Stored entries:

BEGIN

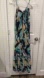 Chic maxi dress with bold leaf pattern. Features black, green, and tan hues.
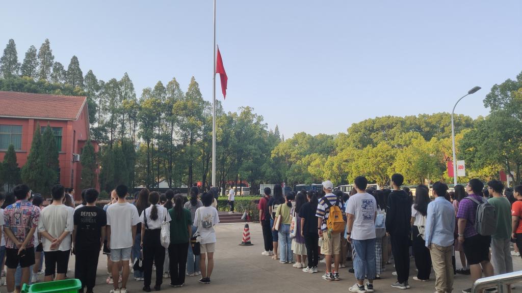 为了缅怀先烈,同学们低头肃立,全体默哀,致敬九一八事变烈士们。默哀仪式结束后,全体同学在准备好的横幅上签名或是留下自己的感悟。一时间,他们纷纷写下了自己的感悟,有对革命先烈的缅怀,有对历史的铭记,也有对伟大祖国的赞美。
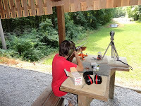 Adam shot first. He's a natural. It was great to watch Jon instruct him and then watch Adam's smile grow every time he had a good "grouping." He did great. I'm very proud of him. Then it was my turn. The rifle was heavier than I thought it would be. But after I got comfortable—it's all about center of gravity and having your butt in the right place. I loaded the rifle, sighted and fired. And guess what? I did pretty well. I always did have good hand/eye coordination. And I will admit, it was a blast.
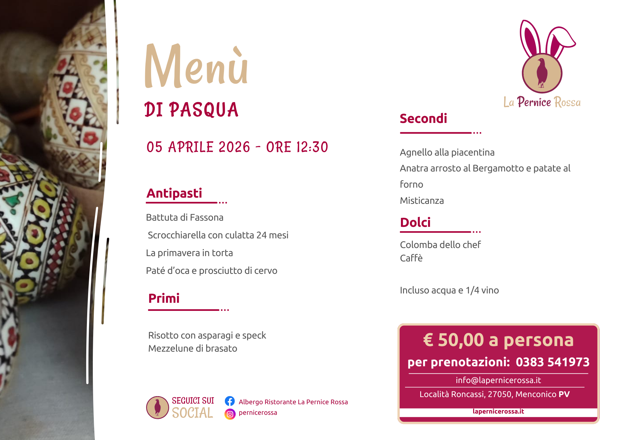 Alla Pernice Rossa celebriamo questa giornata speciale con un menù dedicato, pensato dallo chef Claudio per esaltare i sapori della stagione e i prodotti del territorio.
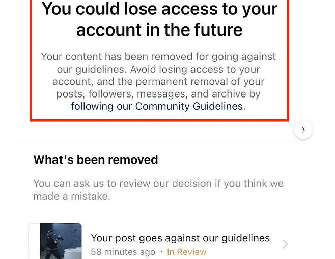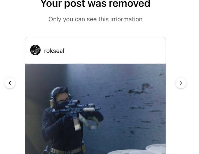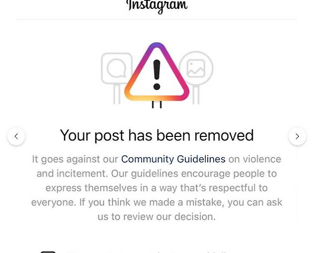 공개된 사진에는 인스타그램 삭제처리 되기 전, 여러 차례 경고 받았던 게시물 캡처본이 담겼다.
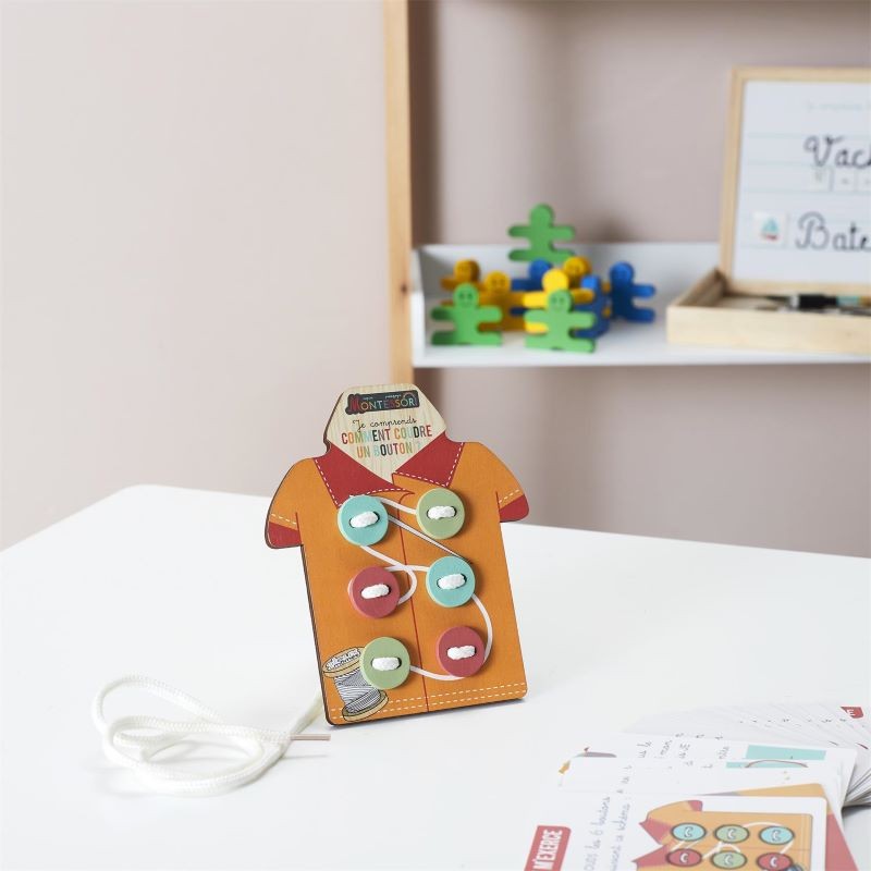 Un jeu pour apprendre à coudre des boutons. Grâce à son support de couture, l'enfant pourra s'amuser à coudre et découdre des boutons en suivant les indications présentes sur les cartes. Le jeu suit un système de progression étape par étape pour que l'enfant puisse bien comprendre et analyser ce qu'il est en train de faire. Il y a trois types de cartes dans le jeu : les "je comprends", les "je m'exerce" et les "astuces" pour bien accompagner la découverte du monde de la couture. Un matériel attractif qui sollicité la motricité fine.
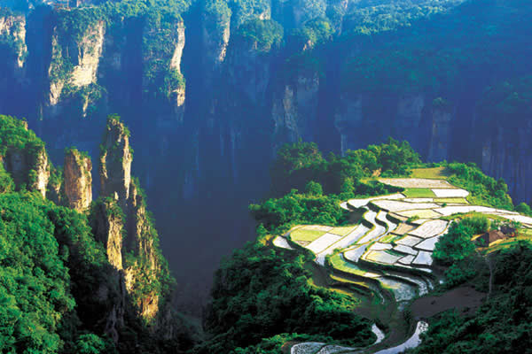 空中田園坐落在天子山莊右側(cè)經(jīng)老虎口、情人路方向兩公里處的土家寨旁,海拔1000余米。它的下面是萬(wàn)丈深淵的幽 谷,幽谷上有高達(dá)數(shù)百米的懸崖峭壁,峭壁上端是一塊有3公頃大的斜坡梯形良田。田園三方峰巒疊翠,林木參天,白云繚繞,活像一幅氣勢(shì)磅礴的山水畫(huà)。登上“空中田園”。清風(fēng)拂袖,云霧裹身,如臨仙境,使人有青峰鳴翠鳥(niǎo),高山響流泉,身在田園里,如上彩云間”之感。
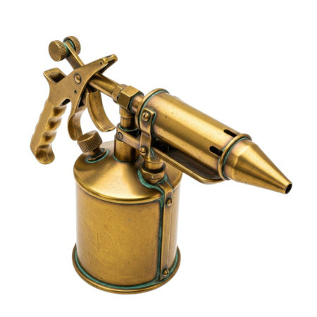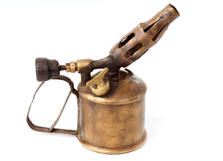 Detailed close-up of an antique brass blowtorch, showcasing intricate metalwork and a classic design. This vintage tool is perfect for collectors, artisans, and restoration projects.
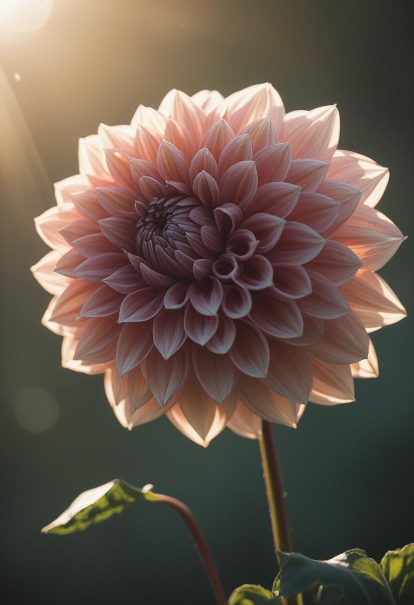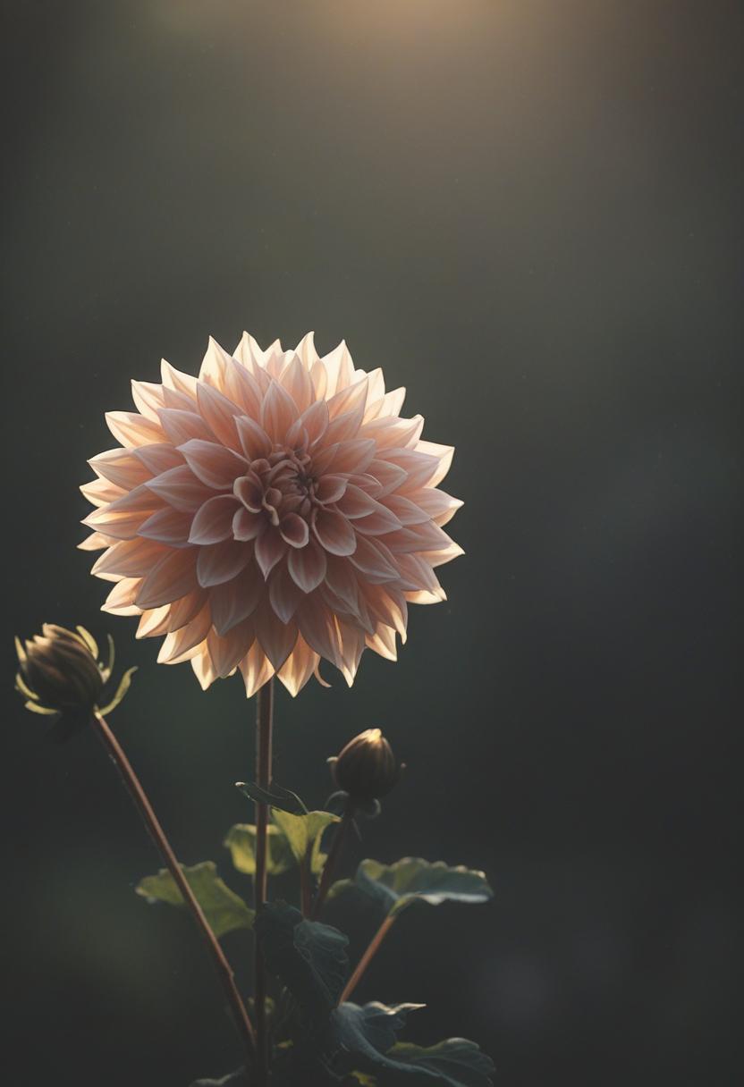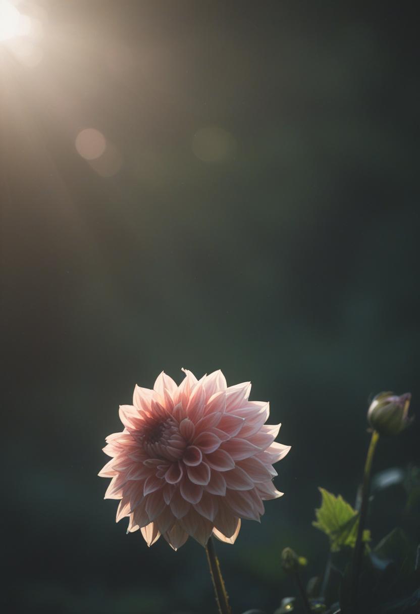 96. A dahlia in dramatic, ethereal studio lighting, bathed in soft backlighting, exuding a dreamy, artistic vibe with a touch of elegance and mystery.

END

### Exercise prompt
Please set down the records exactly, and keep every image out of the copy.

### Task result
 Chic maxi dress with bold leaf pattern. Features black, green, and tan hues.
 为了缅怀先烈,同学们低头肃立,全体默哀,致敬九一八事变烈士们。默哀仪式结束后,全体同学在准备好的横幅上签名或是留下自己的感悟。一时间,他们纷纷写下了自己的感悟,有对革命先烈的缅怀,有对历史的铭记,也有对伟大祖国的赞美。
 Adam shot first. He's a natural. It was great to watch Jon instruct him and then watch Adam's smile grow every time he had a good "grouping." He did great. I'm very proud of him. Then it was my turn. The rifle was heavier than I thought it would be. But after I got comfortable—it's all about center of gravity and having your butt in the right place. I loaded the rifle, sighted and fired. And guess what? I did pretty well. I always did have good hand/eye coordination. And I will admit, it was a blast.
 Alla Pernice Rossa celebriamo questa giornata speciale con un menù dedicato, pensato dallo chef Claudio per esaltare i sapori della stagione e i prodotti del territorio.
 공개된 사진에는 인스타그램 삭제처리 되기 전, 여러 차례 경고 받았던 게시물 캡처본이 담겼다.
 Un jeu pour apprendre à coudre des boutons. Grâce à son support de couture, l'enfant pourra s'amuser à coudre et découdre des boutons en suivant les indications présentes sur les cartes. Le jeu suit un système de progression étape par étape pour que l'enfant puisse bien comprendre et analyser ce qu'il est en train de faire. Il y a trois types de cartes dans le jeu : les "je comprends", les "je m'exerce" et les "astuces" pour bien accompagner la découverte du monde de la couture. Un matériel attractif qui sollicité la motricité fine.
 空中田園坐落在天子山莊右側(cè)經(jīng)老虎口、情人路方向兩公里處的土家寨旁,海拔1000余米。它的下面是萬(wàn)丈深淵的幽 谷,幽谷上有高達(dá)數(shù)百米的懸崖峭壁,峭壁上端是一塊有3公頃大的斜坡梯形良田。田園三方峰巒疊翠,林木參天,白云繚繞,活像一幅氣勢(shì)磅礴的山水畫(huà)。登上“空中田園”。清風(fēng)拂袖,云霧裹身,如臨仙境,使人有青峰鳴翠鳥(niǎo),高山響流泉,身在田園里,如上彩云間”之感。
 Detailed close-up of an antique brass blowtorch, showcasing intricate metalwork and a classic design. This vintage tool is perfect for collectors, artisans, and restoration projects.
 96. A dahlia in dramatic, ethereal studio lighting, bathed in soft backlighting, exuding a dreamy, artistic vibe with a touch of elegance and mystery.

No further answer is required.